Exercise aim: All lines in the records below from the line with "The CornerStone ANSI" through the line with "Устройство стяжки теплого" are to be given again exactly, both ends included; the pictures are to be left out.

*** Information ***

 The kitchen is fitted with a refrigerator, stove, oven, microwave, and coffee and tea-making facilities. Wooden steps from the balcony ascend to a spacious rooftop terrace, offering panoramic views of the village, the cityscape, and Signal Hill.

*** End of Information ***
*** Information ***

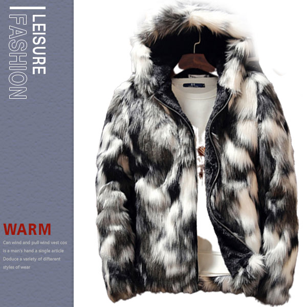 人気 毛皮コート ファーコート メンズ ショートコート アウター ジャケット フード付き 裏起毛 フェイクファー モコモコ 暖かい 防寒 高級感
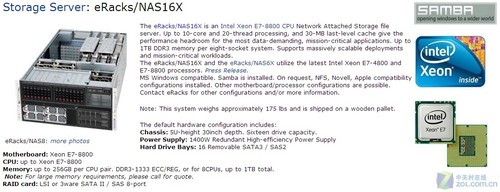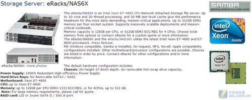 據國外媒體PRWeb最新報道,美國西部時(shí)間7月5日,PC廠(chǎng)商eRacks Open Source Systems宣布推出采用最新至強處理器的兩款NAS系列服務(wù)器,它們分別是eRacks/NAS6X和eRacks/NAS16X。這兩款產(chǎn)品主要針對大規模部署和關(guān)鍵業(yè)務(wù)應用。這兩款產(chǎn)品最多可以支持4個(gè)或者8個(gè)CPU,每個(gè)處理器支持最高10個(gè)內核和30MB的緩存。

*** End of Information ***
*** Information ***

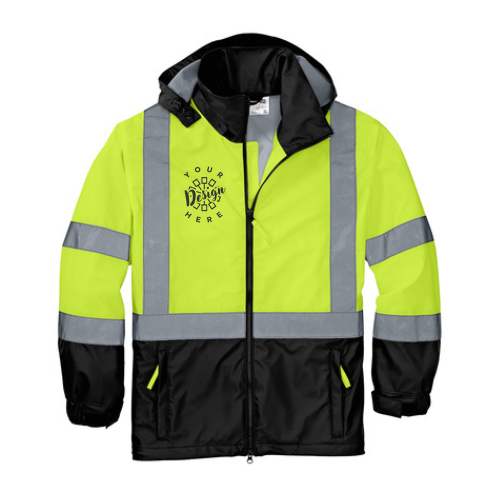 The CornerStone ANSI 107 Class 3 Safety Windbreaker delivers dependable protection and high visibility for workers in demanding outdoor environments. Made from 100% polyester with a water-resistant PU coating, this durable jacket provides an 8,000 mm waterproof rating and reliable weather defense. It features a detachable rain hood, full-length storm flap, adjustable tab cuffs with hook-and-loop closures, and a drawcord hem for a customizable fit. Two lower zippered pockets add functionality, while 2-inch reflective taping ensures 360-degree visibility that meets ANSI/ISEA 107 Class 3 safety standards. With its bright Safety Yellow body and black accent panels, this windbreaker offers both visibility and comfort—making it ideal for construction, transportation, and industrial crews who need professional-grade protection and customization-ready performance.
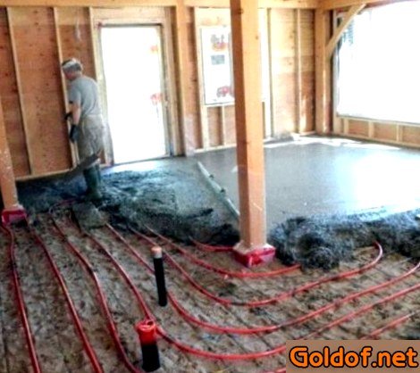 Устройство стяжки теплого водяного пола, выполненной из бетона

*** End of Information ***

Written response:
 The CornerStone ANSI 107 Class 3 Safety Windbreaker delivers dependable protection and high visibility for workers in demanding outdoor environments. Made from 100% polyester with a water-resistant PU coating, this durable jacket provides an 8,000 mm waterproof rating and reliable weather defense. It features a detachable rain hood, full-length storm flap, adjustable tab cuffs with hook-and-loop closures, and a drawcord hem for a customizable fit. Two lower zippered pockets add functionality, while 2-inch reflective taping ensures 360-degree visibility that meets ANSI/ISEA 107 Class 3 safety standards. With its bright Safety Yellow body and black accent panels, this windbreaker offers both visibility and comfort—making it ideal for construction, transportation, and industrial crews who need professional-grade protection and customization-ready performance.
 Устройство стяжки теплого водяного пола, выполненной из бетона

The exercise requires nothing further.